====== Data records ======
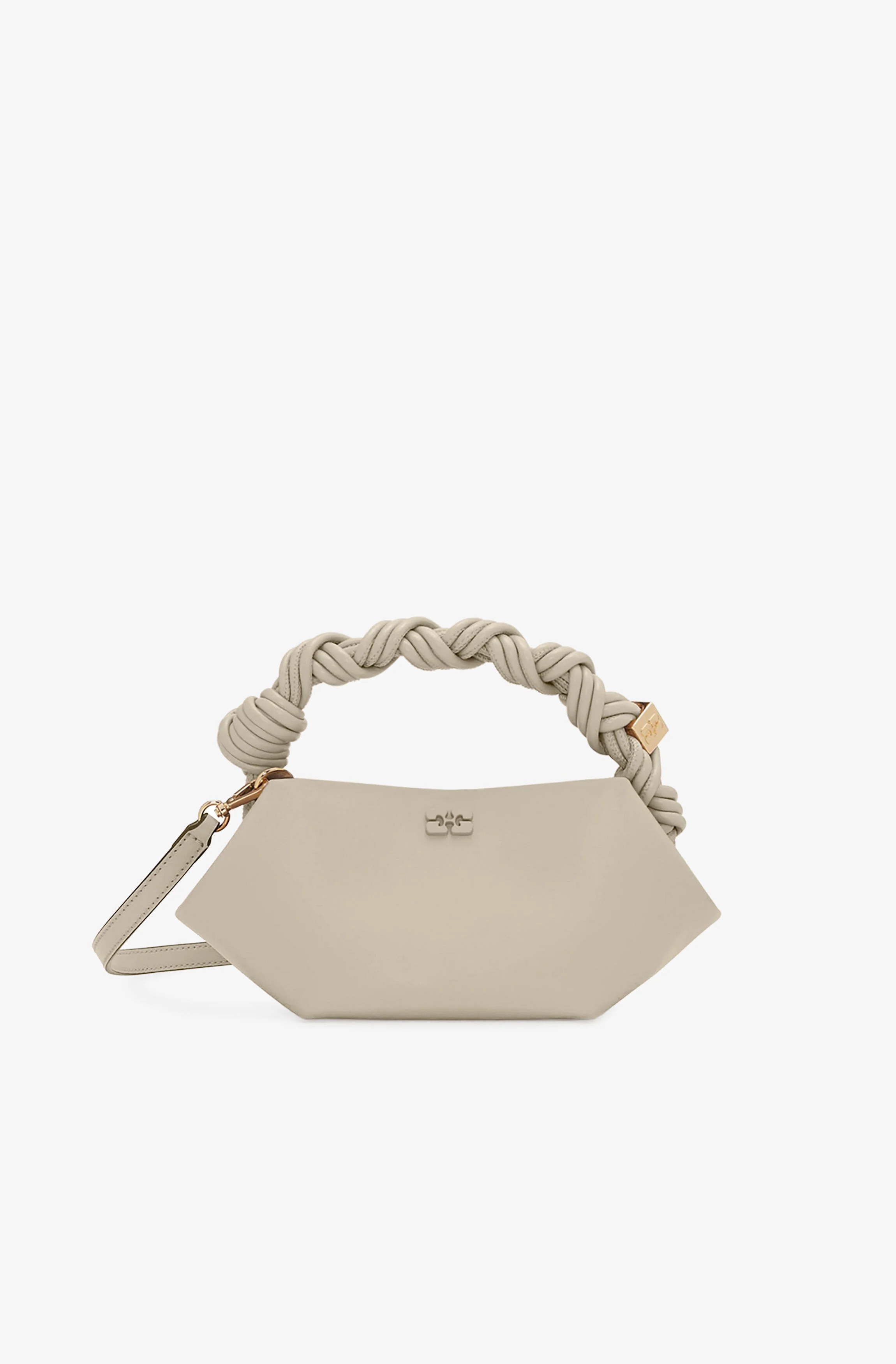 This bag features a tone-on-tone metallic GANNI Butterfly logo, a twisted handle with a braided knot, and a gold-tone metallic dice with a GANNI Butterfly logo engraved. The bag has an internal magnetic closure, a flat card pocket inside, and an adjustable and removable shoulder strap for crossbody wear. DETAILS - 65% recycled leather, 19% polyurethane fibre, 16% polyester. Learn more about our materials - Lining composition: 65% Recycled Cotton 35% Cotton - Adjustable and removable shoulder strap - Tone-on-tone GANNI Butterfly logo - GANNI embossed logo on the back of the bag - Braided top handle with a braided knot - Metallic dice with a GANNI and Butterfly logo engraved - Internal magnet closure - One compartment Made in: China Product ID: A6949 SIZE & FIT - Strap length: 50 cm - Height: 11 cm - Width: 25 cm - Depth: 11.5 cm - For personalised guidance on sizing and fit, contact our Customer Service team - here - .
======
====== Data records ======
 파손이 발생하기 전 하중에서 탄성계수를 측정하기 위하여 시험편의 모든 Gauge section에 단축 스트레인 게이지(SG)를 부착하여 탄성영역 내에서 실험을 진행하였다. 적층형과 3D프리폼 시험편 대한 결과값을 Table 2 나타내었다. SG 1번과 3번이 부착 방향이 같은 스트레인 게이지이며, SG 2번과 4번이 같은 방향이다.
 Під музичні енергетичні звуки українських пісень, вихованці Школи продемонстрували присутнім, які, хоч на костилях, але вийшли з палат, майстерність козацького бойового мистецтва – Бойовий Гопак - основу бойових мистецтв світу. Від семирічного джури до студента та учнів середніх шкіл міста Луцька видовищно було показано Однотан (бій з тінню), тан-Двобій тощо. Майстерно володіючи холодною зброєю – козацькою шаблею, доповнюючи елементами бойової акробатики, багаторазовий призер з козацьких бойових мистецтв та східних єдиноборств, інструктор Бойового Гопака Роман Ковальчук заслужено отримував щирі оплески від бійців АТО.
======
====== Data records ======
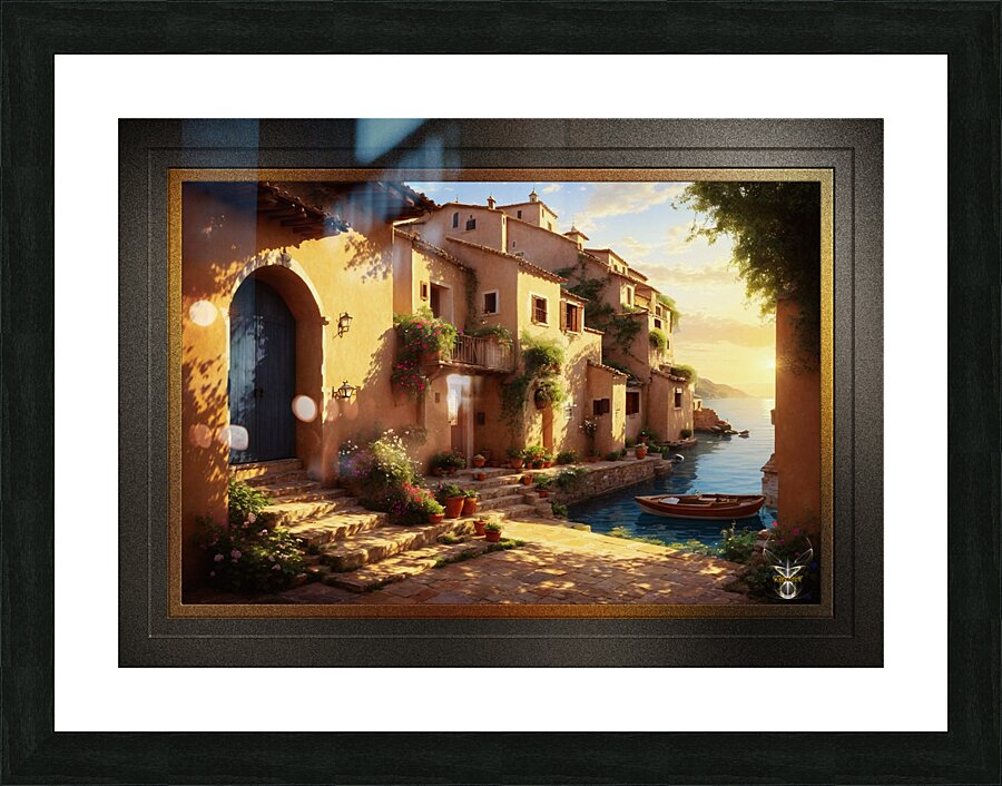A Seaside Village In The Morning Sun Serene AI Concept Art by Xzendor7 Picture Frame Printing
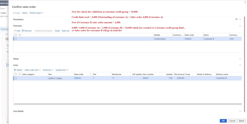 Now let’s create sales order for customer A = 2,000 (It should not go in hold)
======
Task goal :: Lines wanted from the listing above: the line with "파손이 발생하기 전 하중에서" up to and including the line with "Під музичні енергетичні". Please write them out exactly, adding nothing else.

Answer space ::
 파손이 발생하기 전 하중에서 탄성계수를 측정하기 위하여 시험편의 모든 Gauge section에 단축 스트레인 게이지(SG)를 부착하여 탄성영역 내에서 실험을 진행하였다. 적층형과 3D프리폼 시험편 대한 결과값을 Table 2 나타내었다. SG 1번과 3번이 부착 방향이 같은 스트레인 게이지이며, SG 2번과 4번이 같은 방향이다.
 Під музичні енергетичні звуки українських пісень, вихованці Школи продемонстрували присутнім, які, хоч на костилях, але вийшли з палат, майстерність козацького бойового мистецтва – Бойовий Гопак - основу бойових мистецтв світу. Від семирічного джури до студента та учнів середніх шкіл міста Луцька видовищно було показано Однотан (бій з тінню), тан-Двобій тощо. Майстерно володіючи холодною зброєю – козацькою шаблею, доповнюючи елементами бойової акробатики, багаторазовий призер з козацьких бойових мистецтв та східних єдиноборств, інструктор Бойового Гопака Роман Ковальчук заслужено отримував щирі оплески від бійців АТО.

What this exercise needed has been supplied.